Source data:
━━━━━━━━

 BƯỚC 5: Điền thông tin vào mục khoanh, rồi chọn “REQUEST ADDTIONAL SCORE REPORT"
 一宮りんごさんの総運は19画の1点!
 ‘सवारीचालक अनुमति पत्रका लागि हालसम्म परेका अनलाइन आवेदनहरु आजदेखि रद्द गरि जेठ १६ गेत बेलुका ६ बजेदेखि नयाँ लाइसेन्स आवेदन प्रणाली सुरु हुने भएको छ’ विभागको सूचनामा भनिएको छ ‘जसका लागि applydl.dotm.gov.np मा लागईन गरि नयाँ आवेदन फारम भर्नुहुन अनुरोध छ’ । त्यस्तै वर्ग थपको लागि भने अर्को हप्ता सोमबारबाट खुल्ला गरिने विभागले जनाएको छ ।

━━━━━━━━

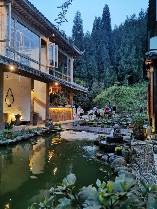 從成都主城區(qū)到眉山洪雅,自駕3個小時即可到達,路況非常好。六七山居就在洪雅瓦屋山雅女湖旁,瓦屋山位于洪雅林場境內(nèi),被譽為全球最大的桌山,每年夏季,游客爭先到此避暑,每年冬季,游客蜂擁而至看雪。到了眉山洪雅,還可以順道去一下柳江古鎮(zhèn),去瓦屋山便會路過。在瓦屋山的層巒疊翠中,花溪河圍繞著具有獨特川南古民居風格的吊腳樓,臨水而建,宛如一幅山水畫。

━━━━━━━━

What to produce: For this exercise, repeat exactly the lines of the data above from the one with "一宮りんごさんの総運は19画の1点!" down to the one with "विभागले जनाएको छ ।", both end lines included.

Exercise solution:
 一宮りんごさんの総運は19画の1点!
 ‘सवारीचालक अनुमति पत्रका लागि हालसम्म परेका अनलाइन आवेदनहरु आजदेखि रद्द गरि जेठ १६ गेत बेलुका ६ बजेदेखि नयाँ लाइसेन्स आवेदन प्रणाली सुरु हुने भएको छ’ विभागको सूचनामा भनिएको छ ‘जसका लागि applydl.dotm.gov.np मा लागईन गरि नयाँ आवेदन फारम भर्नुहुन अनुरोध छ’ । त्यस्तै वर्ग थपको लागि भने अर्को हप्ता सोमबारबाट खुल्ला गरिने विभागले जनाएको छ ।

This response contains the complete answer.